DDMOperationsScripts

Introduction

This page lists all scripts written by the DDM Operations Group to manage DDM datasets and associated physical files and catalog entries. They are complementary to rucio functionalities.

The latest version of the scripts described on this page are stored in gitlab under atlas-adc-ddm-support group. Old scripts are in the subversion repository.

Tools for site administrators and cloud support

Dark data and lost files detection

  • DDMDarkDataAndLostFiles (new documentation still in development, feedback is welcome).
  • Lost or corrupted files: Lost files are the ones that are recorded in Rucio catalog but they are not present on the Storage element. The topic is described on a dedicated twiki page DDMLostFiles.
  • Dark data cleaning The description of what dark data is and how to clean them is on a separate twiki page: DDMDarkDataCleaning

Tools for DDM operations (and/or ADC operations)

Monitoring and reporting scripts

Storage monitor and RRD plots

Tables and plots per RSE with numbers showing Storage (Free, Used), Rucio, Dark data, Unlocked, Free deletion target, Primary occupancy target etc available at http://adc-ddm-mon.cern.ch/ddmusr01/ The details are described in the gitlab repository. The scripts are executed every hour on aiatlasddm003 by ddmusr01.

A daily cron backs up the rrd files on the ddmusr01 EOS space:

# Backup rrd files used for space monitoring
00 08 * * * kinit -kt /data/ddmusr01/keytab ddmusr01@CERN.CH; /data/ddmusr01/backuprrd.sh
The backed up files are at /eos/atlas/user/d/ddmusr01/rrdbackup

Backlogs

Report of rules in trouble is sent to atlas-adc-ddm-ops with the subject "[STUCK/SUSP RULES]". The details are described in the gitlab repository.
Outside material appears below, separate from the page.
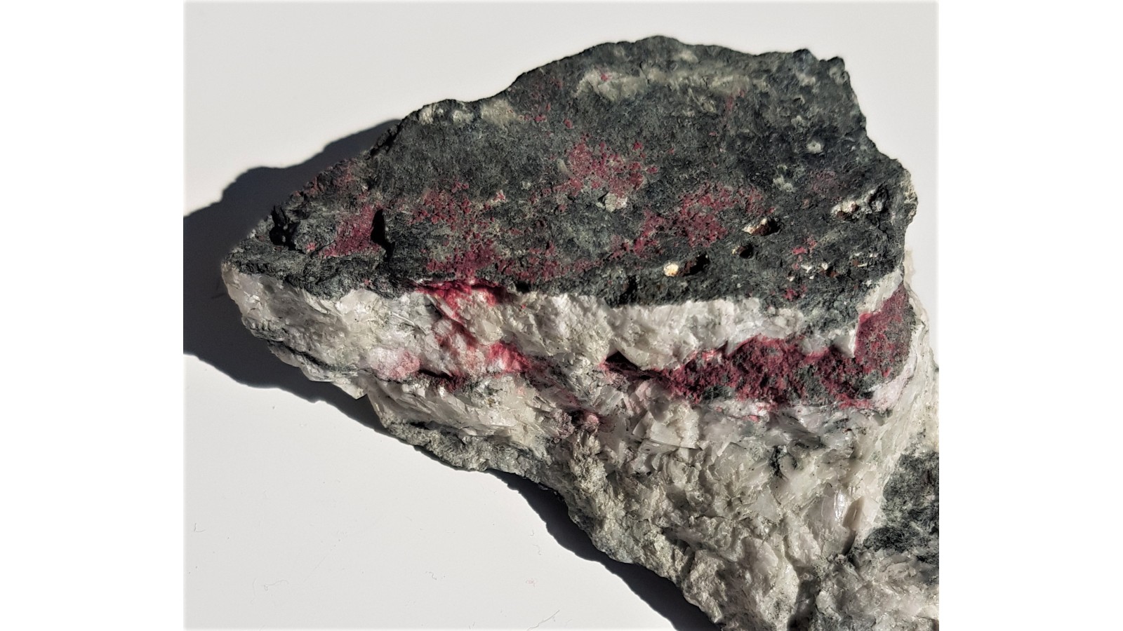 Okaz rzadkiego minerału wtórnego kobaltu - erytrynu. Powłoki erytrynu w postaci bardzo licznych, drobnych kulistych skupień igiełek erytrynu o bardzo wyrazistej barwie. Powłoki erytrynu na rozproszonych w żyle kalcytowej pierwotnych minerałach rudnych kobaltu. Okaz z rejonu Miedzianki sudeckiej, z dawnych hałd pogórniczych. Ładny, duży okaz. Rzadkość mineralogiczna w Sudetach.

The scripts are executed every day at 8AM on aiatlas114 by adcmusr1.

Lifetime model

More details on dedicated twiki page DDMLifetimeModel.
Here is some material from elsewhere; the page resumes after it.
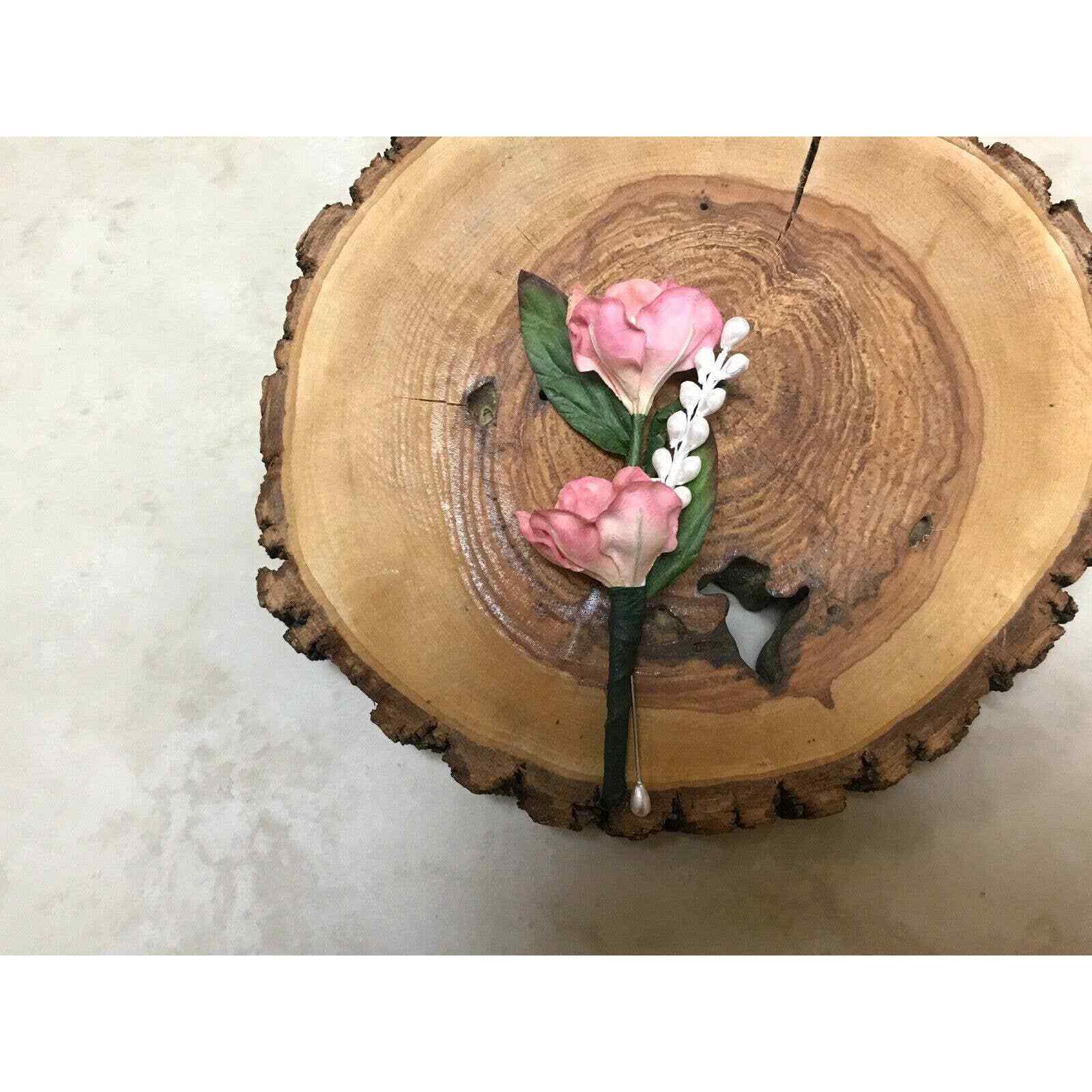 4 Real Touch Boutonniere Vintage Pink Flower Groom Best Man Prom Formal Gift

Manual distribution scripts

RPG

  • Replication Policy on the Grid: The tool used for automatic replication of data when Rucio subscriptions are not appropriate
  • Code and configs are here in DDM gitlab project: https://gitlab.cern.ch/atlas-adc-ddm/rpg
  • The main code is in RPG.py, it takes a configuration file as an argument which describes the datasets and policy to apply.
    • How it works:
    • Scan the list of destination sites for datasets matching the pattern
    • Scan the list of source sites for datasets matching the pattern and metadata
    • If a dataset does not have the required number of replicas on the destinations, create Rucio rules
    • A limit can be applied on the total active rules to all destinations to avoid eg overloading tape buffers.
  • RPG runs via crons on ddmusr01@aiatlasddm003
    • Code: /data/ddmusr01/rpg/
    • Logs: /data/ddmusr01/log/
  • The machine is fully managed via puppet so any changes to crons or configuration files must be done through gitlab. Puppet automatically syncs the machine with the gitlab repo.
    • Manual changes on the machine will be overwritten!
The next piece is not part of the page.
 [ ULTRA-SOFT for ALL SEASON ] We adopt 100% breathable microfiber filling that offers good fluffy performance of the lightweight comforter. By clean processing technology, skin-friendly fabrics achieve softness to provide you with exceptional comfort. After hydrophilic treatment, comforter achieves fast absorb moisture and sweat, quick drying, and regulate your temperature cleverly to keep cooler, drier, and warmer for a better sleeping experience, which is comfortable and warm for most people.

Migration of data from disk to tape

  • RPG (see above) transfers datasets from disk to T1 tape. It manages the queue of rules at each site and includes a delay between task completion and migration, to allow the dataset to be deleted in case of errors.
  • Several configuration files for this script are used for managing different types of datasets.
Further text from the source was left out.